- _Work item_
Print every line below exactly. Skip the pictures.

- _Supplied information_
□ □ □ □ □ □ □

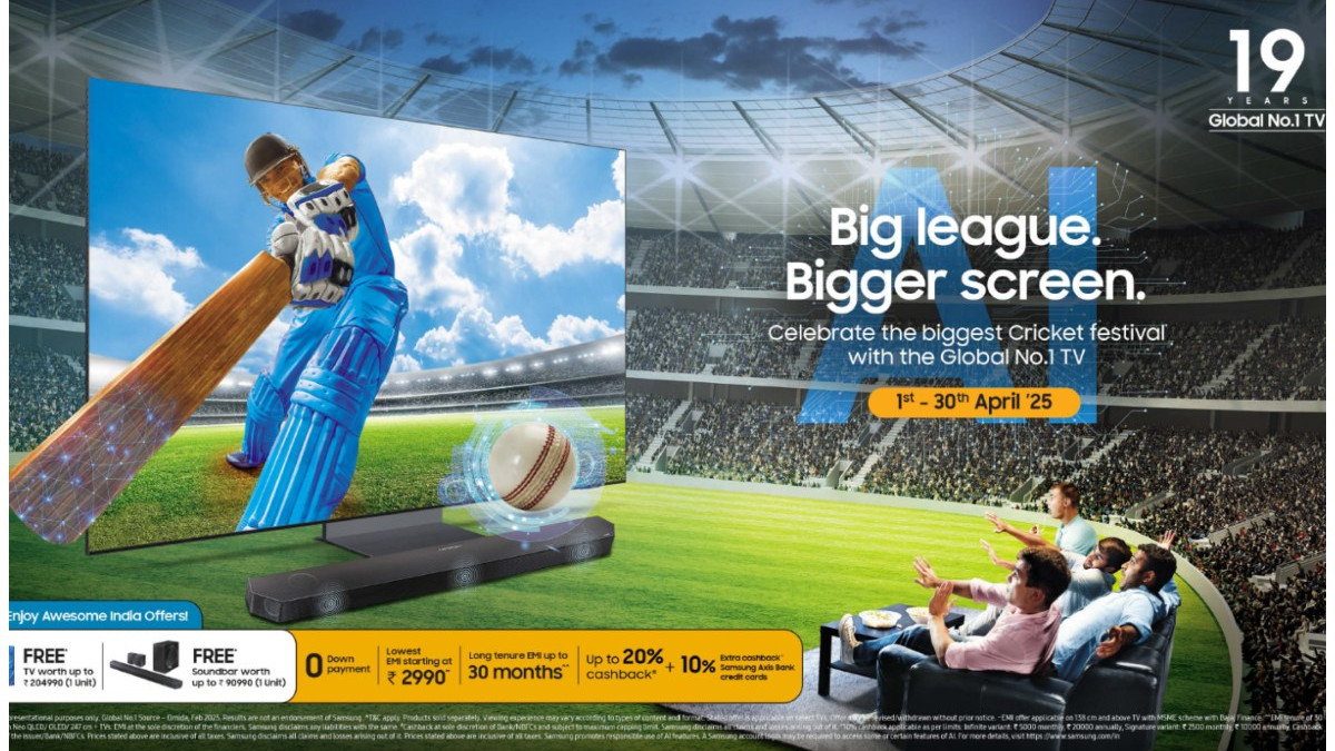 Samsung ‘Big League’ Sale: सैमसंग इंडिया ने अपने प्रीमियम बड़े स्क्रीन वाले टेलीविज़नों पर बेहतरीन ऑफर्स के साथ एक नया प्रमोशनल कैंपेन लॉन्च किया है। इस अभियान का नाम है ‘Big League. Bigger Screen’, जो पूरे अप्रैल महीने चलेगा और आईपीएल क्रिकेट सीज़न के अनुरूप है। यह पहल क्रिकेट फैंस के देखने के एक्सपीरियंस को और शानदार बनाने के लिए शुरू की गई है।
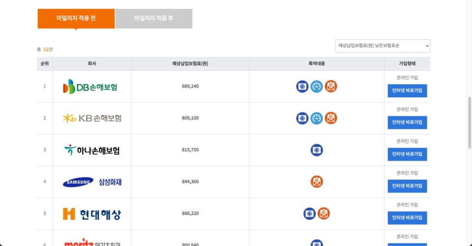 마일리지 적용 전과 후로 가격 비교를 할 수 있고, 보험회사 별로 다시한번 정보 확인을 통해 확실히 알 수 있습니다.
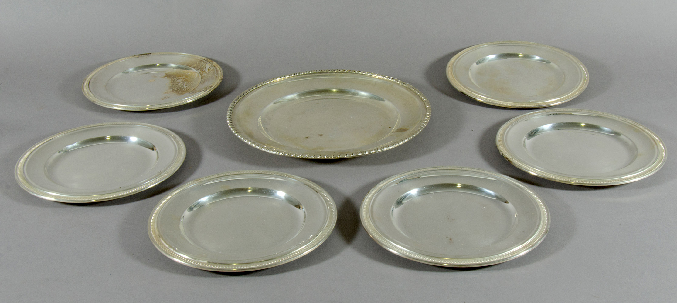 Lotto 169 | Lotto di 7 piatti in argento con bordo lavorato. gr. tot 1500.

□ □ □ □ □ □ □

- _Worked solution_
 Samsung ‘Big League’ Sale: सैमसंग इंडिया ने अपने प्रीमियम बड़े स्क्रीन वाले टेलीविज़नों पर बेहतरीन ऑफर्स के साथ एक नया प्रमोशनल कैंपेन लॉन्च किया है। इस अभियान का नाम है ‘Big League. Bigger Screen’, जो पूरे अप्रैल महीने चलेगा और आईपीएल क्रिकेट सीज़न के अनुरूप है। यह पहल क्रिकेट फैंस के देखने के एक्सपीरियंस को और शानदार बनाने के लिए शुरू की गई है।
 마일리지 적용 전과 후로 가격 비교를 할 수 있고, 보험회사 별로 다시한번 정보 확인을 통해 확실히 알 수 있습니다.
 Lotto 169 | Lotto di 7 piatti in argento con bordo lavorato. gr. tot 1500.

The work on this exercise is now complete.